Head coach Dave Hakstol bemoaned his team's play on the road as of late; it has now dropped four straight in enemy territory.

"It's been a difference for us," Hakstol said. "That's how it is right now. This is one we needed here that we didn't get tonight on the road."

Mason said struggling away from home speaks to bigger issues with the team.

"We haven't been a good road team and it's cost us. It's put us in the position we're in right now," Mason said. "It's easy to have a good record at home. You're comfortable there. But we have to elevate our games on the road. It's a little bit more difficult to feel good about your game on the road, but it's all about hard work and working for it and we're not doing a good job."

Giroux said they were aware Winnipeg was without several key players, especially on defense, but didn't do enough to take advantage.

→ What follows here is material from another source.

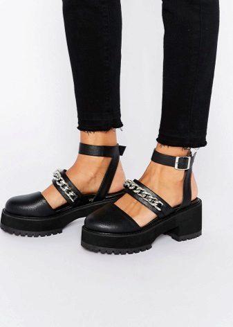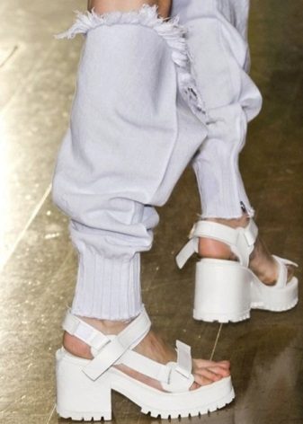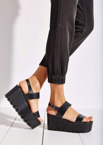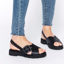Thick low-soled shoes. A continuous tractor platform of about the same level from the toe to the heel of the sandals gives the shoe massiveness. When purchasing this model of summer sandals, carefully think about what you will wear them with.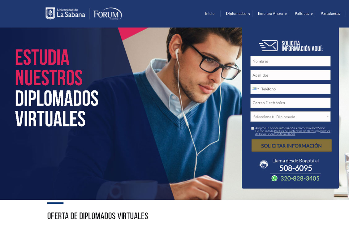 • El sitio web de la Universidad cumple el rol de folleto vivo, incluyendo la página de inicio, las subpáginas de las carreras, las fechas de comienzo y toda la información publicada.

"I think we could have cycled that puck a little bit more and created more chances," he said. "At the end of the day, we need to focus on our game. We're a better team than what happened tonight." 

Mason noted that Winnipeg goalie Michael Hutchinson was making his first start in two months, but the Flyers failed to generate much in the way of scoring chances.

"I don't think we made it hard enough on him. We need to have a better effort," Mason said. "We keep playing like this and we'll be mathematically eliminated before we know it. We've got to stop this win one, lose one. We need to have some growth as a team here."